** Task statement **
All lines below starting at the one that holds "Very beautiful ship" and ending at the one that holds "Twee BWG wit" should be printed exactly, ends included. Pictures should not be printed, nor anything else.

** Materials provided **
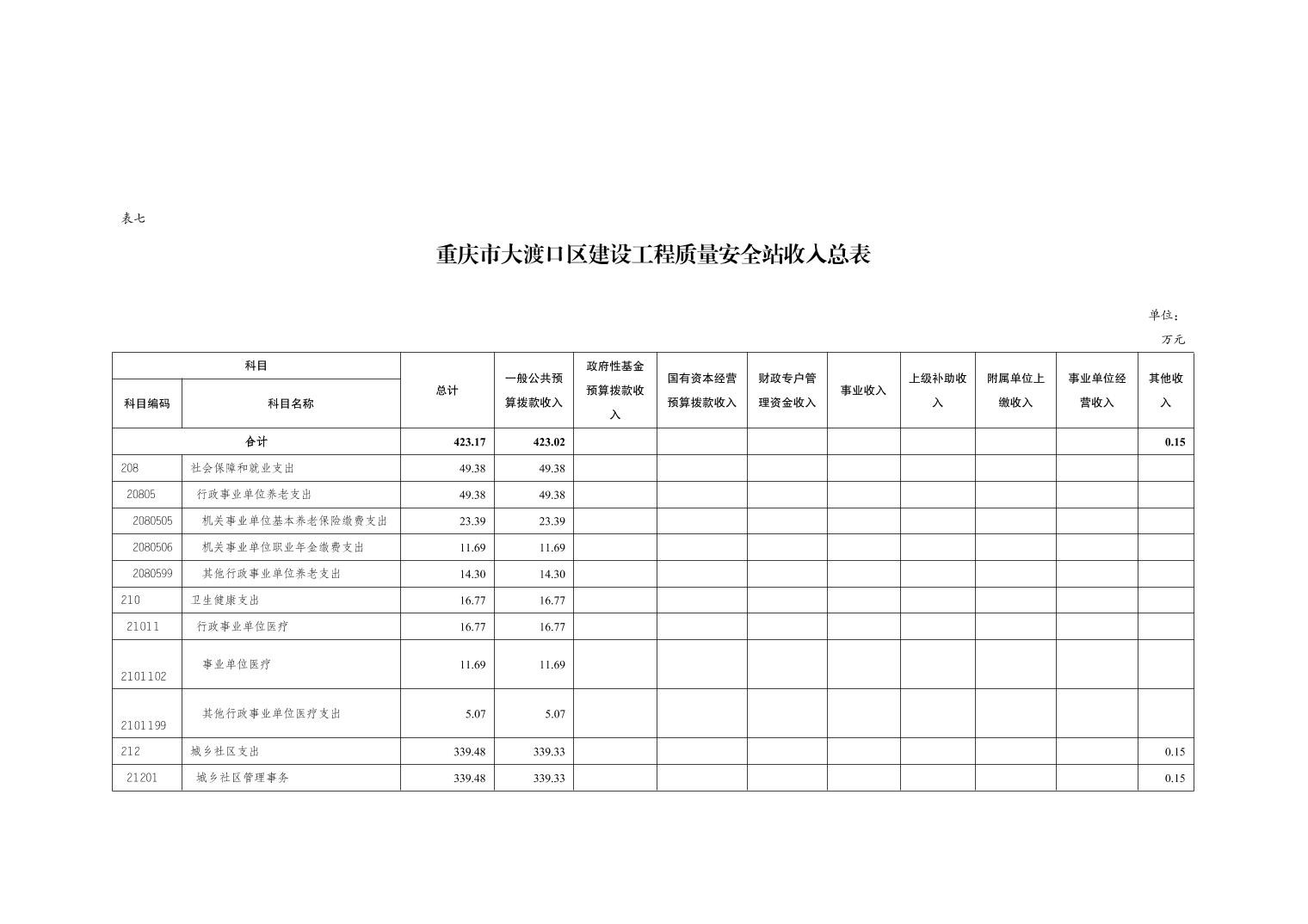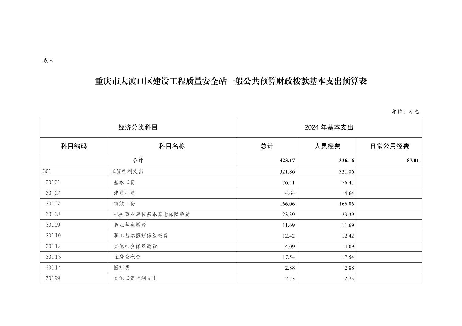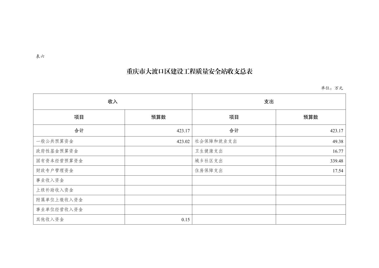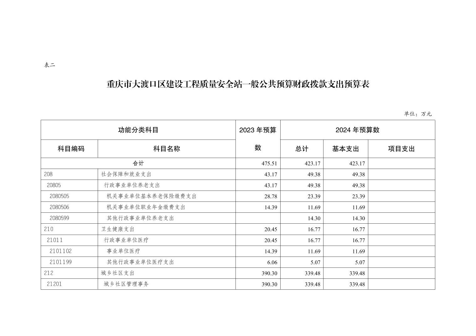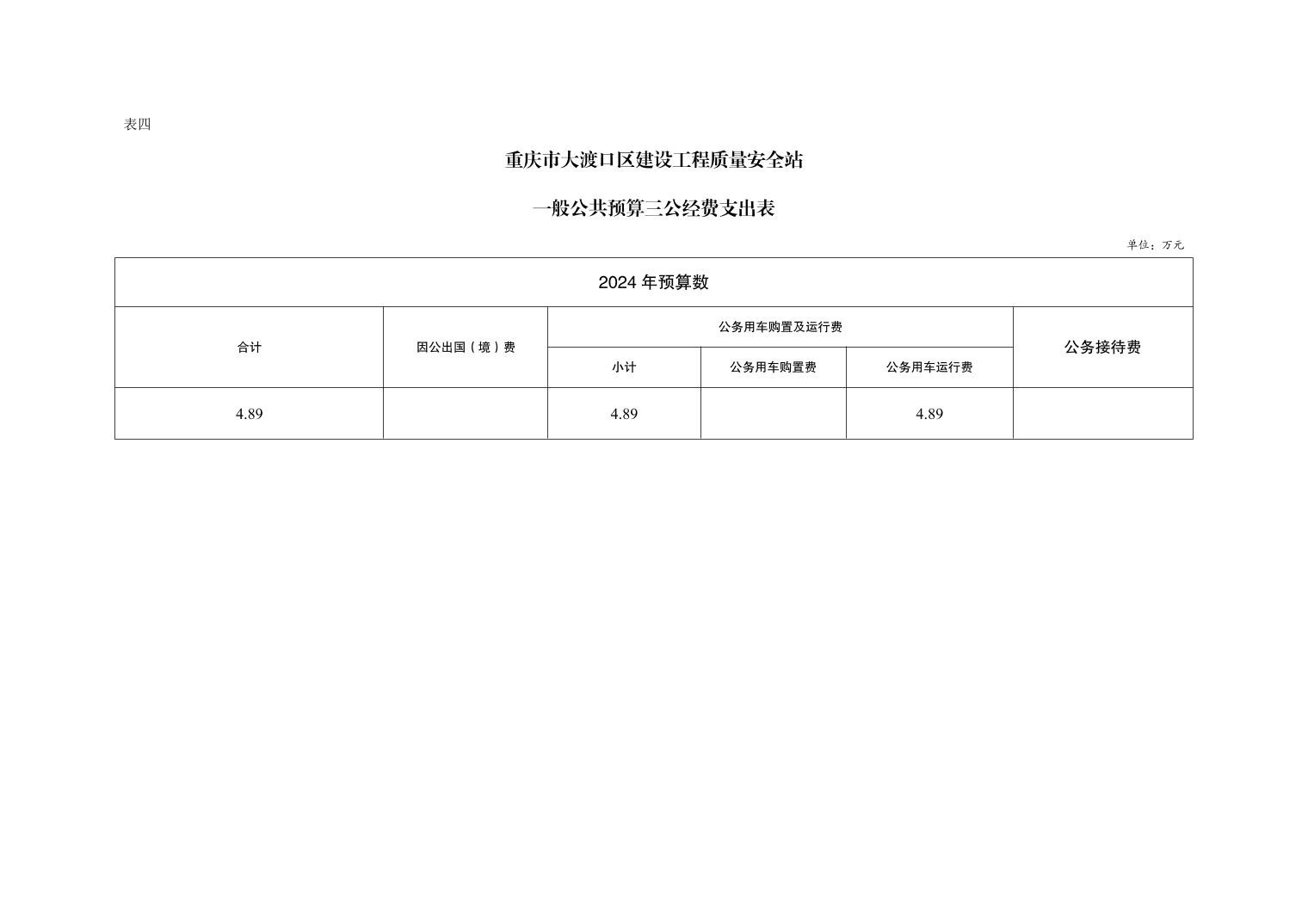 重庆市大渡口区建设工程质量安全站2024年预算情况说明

* * *

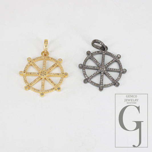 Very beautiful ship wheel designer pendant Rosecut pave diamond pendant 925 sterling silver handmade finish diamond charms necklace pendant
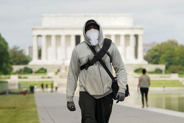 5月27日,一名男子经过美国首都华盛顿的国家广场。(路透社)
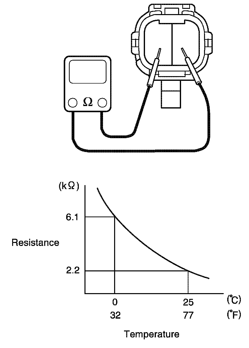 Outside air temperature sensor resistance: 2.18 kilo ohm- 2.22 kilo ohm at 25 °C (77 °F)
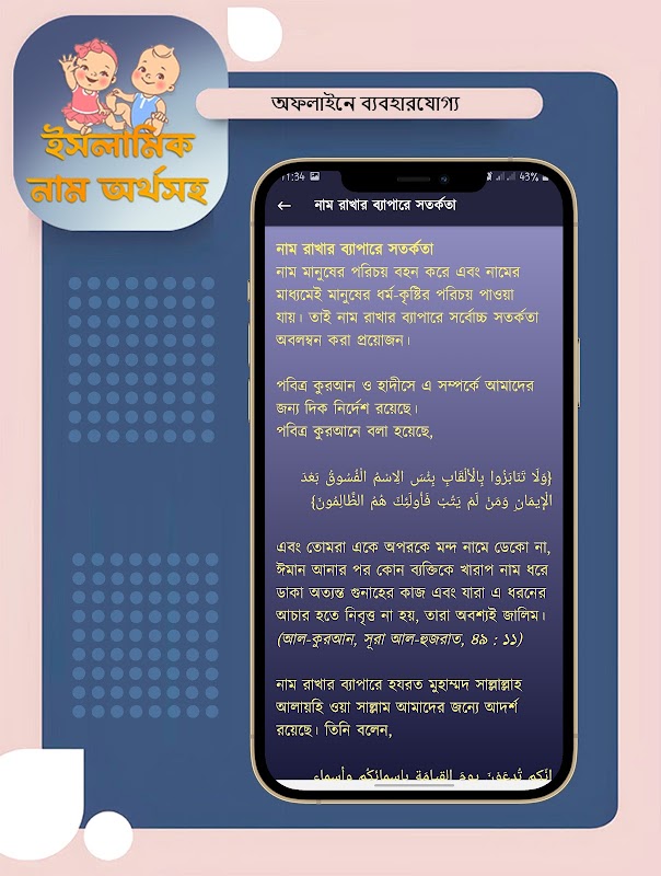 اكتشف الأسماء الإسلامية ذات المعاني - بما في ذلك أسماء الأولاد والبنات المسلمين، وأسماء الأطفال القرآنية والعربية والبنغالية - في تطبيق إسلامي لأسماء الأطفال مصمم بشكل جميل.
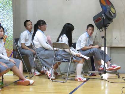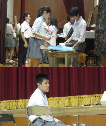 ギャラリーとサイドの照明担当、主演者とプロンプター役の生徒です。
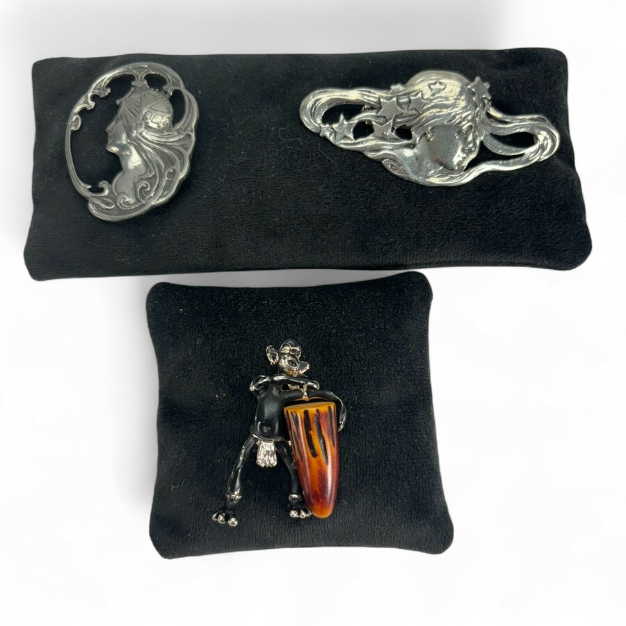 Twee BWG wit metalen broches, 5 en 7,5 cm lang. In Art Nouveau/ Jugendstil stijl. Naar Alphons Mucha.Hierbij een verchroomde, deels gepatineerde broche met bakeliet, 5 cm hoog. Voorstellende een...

--

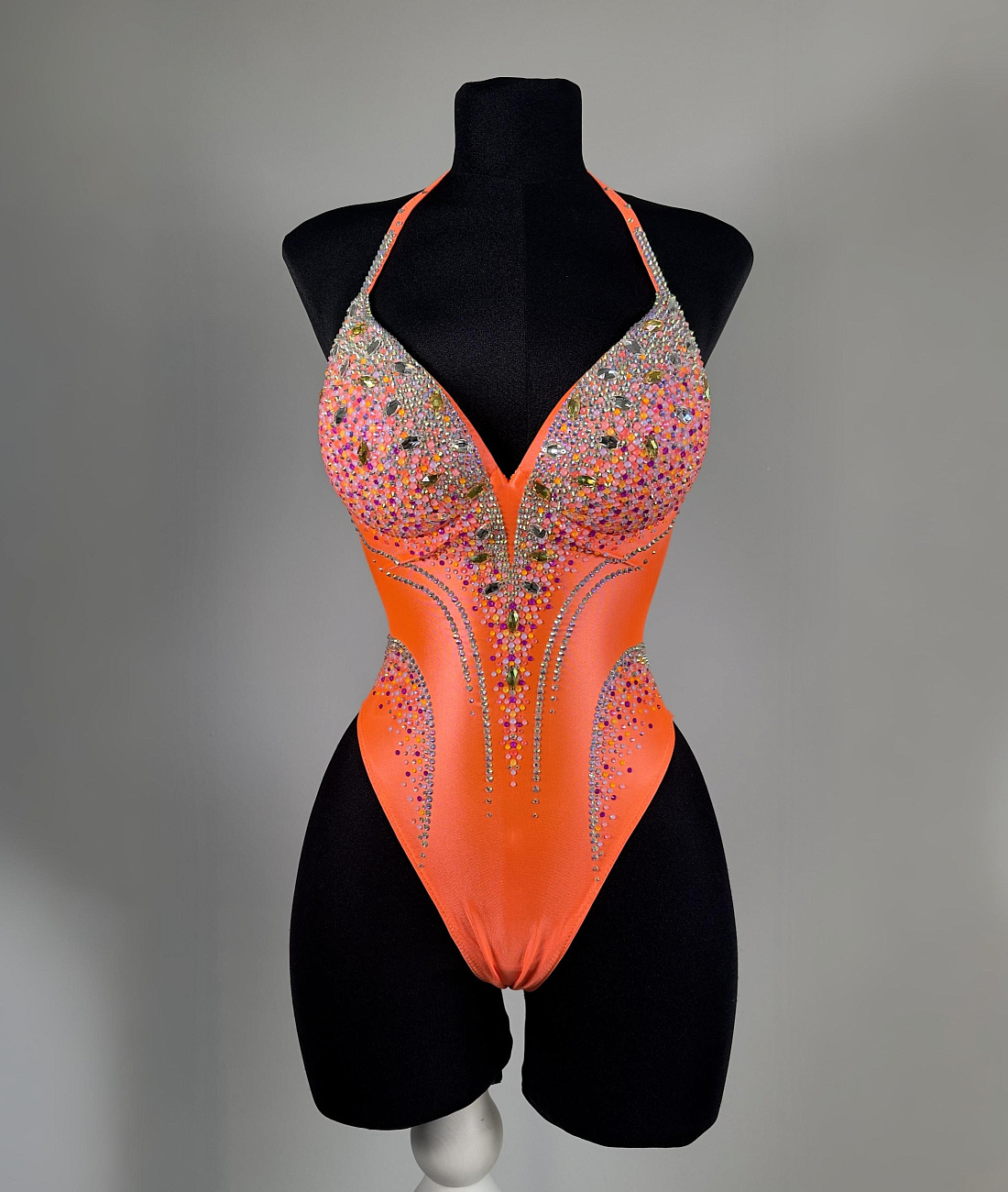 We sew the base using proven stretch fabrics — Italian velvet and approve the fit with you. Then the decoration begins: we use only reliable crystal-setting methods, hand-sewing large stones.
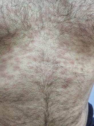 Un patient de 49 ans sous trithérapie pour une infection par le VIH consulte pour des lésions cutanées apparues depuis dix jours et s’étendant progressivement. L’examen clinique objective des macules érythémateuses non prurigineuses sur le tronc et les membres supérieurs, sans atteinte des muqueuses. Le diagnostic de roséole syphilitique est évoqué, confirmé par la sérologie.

** Completed exercise **
 Very beautiful ship wheel designer pendant Rosecut pave diamond pendant 925 sterling silver handmade finish diamond charms necklace pendant
 5月27日,一名男子经过美国首都华盛顿的国家广场。(路透社)
 Outside air temperature sensor resistance: 2.18 kilo ohm- 2.22 kilo ohm at 25 °C (77 °F)
 اكتشف الأسماء الإسلامية ذات المعاني - بما في ذلك أسماء الأولاد والبنات المسلمين، وأسماء الأطفال القرآنية والعربية والبنغالية - في تطبيق إسلامي لأسماء الأطفال مصمم بشكل جميل.
 ギャラリーとサイドの照明担当、主演者とプロンプター役の生徒です。
 Twee BWG wit metalen broches, 5 en 7,5 cm lang. In Art Nouveau/ Jugendstil stijl. Naar Alphons Mucha.Hierbij een verchroomde, deels gepatineerde broche met bakeliet, 5 cm hoog. Voorstellende een...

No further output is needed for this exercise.